VOLUME 1, ISSUE 1, P46-52
Kevin Y. Chu, M.D., Shathiyah Kulandavelu, Ph.D., Thomas A. Masterson, M.D., Emad Ibrahim, M.D., Himanshu Arora, Ph.D., Ranjith Ramasamy, M.D.
To compare the effect of exogenous short-acting and long-acting testosterone on male reproductive potential in mice.
In vivo mouse model.
University-based basic science research laboratory.
A total of 30 wild-type C57BL/6 male and female mice were used for this experimentation. The male mice were used for the control group and testosterone supplementation, whereas both male and female mice were used for the breeding portion of the study.
Exogenous testosterone was administered either in short-acting formulation (Monday-Wednesday-Friday dosing schedule; testosterone propionate 0.2 mg/kg) or long-acting formulation (3-month dosing schedule; testosterone pellets 150 mg) to male mice.
Main Outcome Measure(s)
Time to pregnancy, luteinizing hormone (LH) levels, and testicular weight.

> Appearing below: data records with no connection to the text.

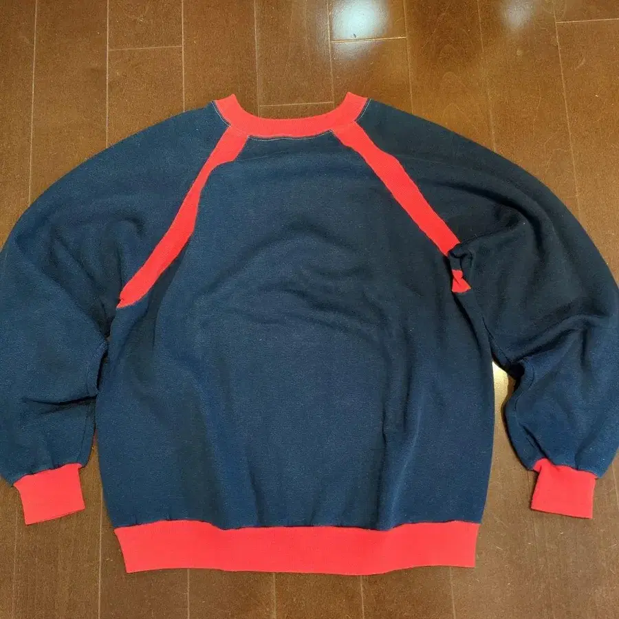 구제 의류의 네이비와 레드 색상 래글런 슬리브 맨투맨입니다.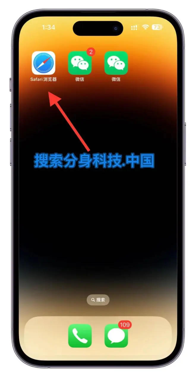步骤一:找到苹果手机自带的浏览器Safari。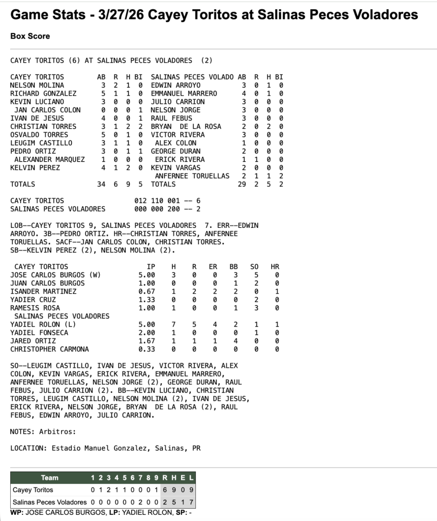 CayeySalinas 27 de marzo de 2026 6 - 2 Tiempo completo ResumenFacebookTweetEmail Detalles Fecha Hora Liga Temporada 27 de marzo de 2026 8:00 pm Beisbol Superior Doble A 2026 Estadio Estadio Manuel González Cll Agustin Colon Pacheco, Salinas, 00751, Puerto Rico ResultadosEquipoRResultadoCayey6WinSalinas2Loss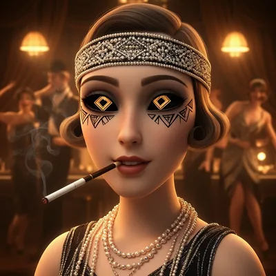 3D RenderStunning 3D render of a glamorous 1920s flapper avatar with art deco details, vintage styling, and speakeasy-inspired character design perfect for digital profiles.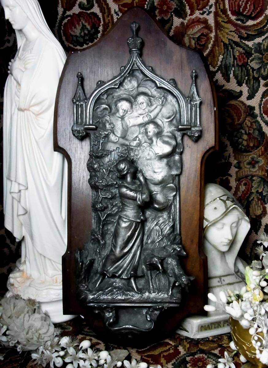 > 稀少 彫刻家 Xavier Raphanel 作 刻印入 大型の聖水盤 ジャンヌダルク フランスアンティーク 羊飼いの乙女 迫力の特大サイズ 宗教美術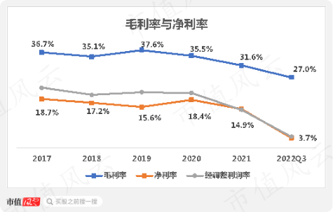 毛利率从2019年以后连年下滑,2022年前三季度为27%,较2017年已下滑近10个百分点,净利率更夸张,2022年前三季度仅为3.7%。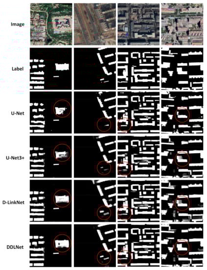 In the Beijing dataset, U-Net, U-Net3+, and D-LinkNet achieved 0.6726, 0.7161, and 0.7212 in polygon IoU, respectively. DDLNet achieved the top performance of 0.7527 of the polygon IoU, which was better than all other models, and even 4.36% more than D-LinkNet. U-Net3+ and DDLNet use the full-scale skip connection to help network learning, and they achieved boundary IoU of 0.4731 and 0.4746, respectively. This greatly surpassed the accuracy of U-Net and D-LinkNet, which achieve boundary IoU of 0.4281 and 0.4438, respectively. The results of those semantic segmentation models on the Beijing test dataset are summarized in Table 3, and their performances are shown in Figure 10.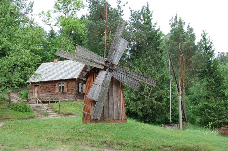 Wiatrak ze wsi Plewki z 1922 r. Wiatrak typu paltrak - obracany wokół osi na rolkach. Budynek o konstrukcji szkieletowej obitej deskami (szalunek).

Mice treated with long-acting testosterone appear to have longer time to pregnancy when compared with wild-type mice (33 ± 11 vs. 23 ± 2.6 days; P≤.05) and mice that received short-acting testosterone propionate (26 ± 5.9 days). Mice treated with long-acting testosterone had smaller testes weight when compared with control (0.08 ± 0.01 vs. 0.11 ± 0.01 g; P≤.01), whereas the short-acting testosterone-treated mice had similar testis weight when compared with control (0.09 ± 0.02 vs. 0.11 ± 0.01 g; not significant [NS]). The serum testosterone level was elevated in mice that received testosterone pellets (285.78 ng/dL) and testosterone propionate (122.16 ng/dL) versus control (68.4 ng/dL). In mice that received long-acting testosterone pellets, LH levels at 3 months were almost undetectable, whereas those that received short-acting testosterone remained similar to control (0.017 ± 0.058 vs. 0.348 ± 0.232 IU/L; P≤.01). Female reproductive potential parameters including litter size and pup weight were collected and observed to have no difference between groups.
Through a mouse-breeding study, mice that received short-acting testosterone were shown to have fertility potential similar to wild-type male mice. Long-acting exogenous testosterone appeared to impair male reproductive capacity and LH levels when compared with short-acting testosterone. Short-acting testosterone appeared to cause less LH suppression. Identifying strategies to increase testosterone while simultaneously preserving male fertility is important for treating young men with hypogonadism.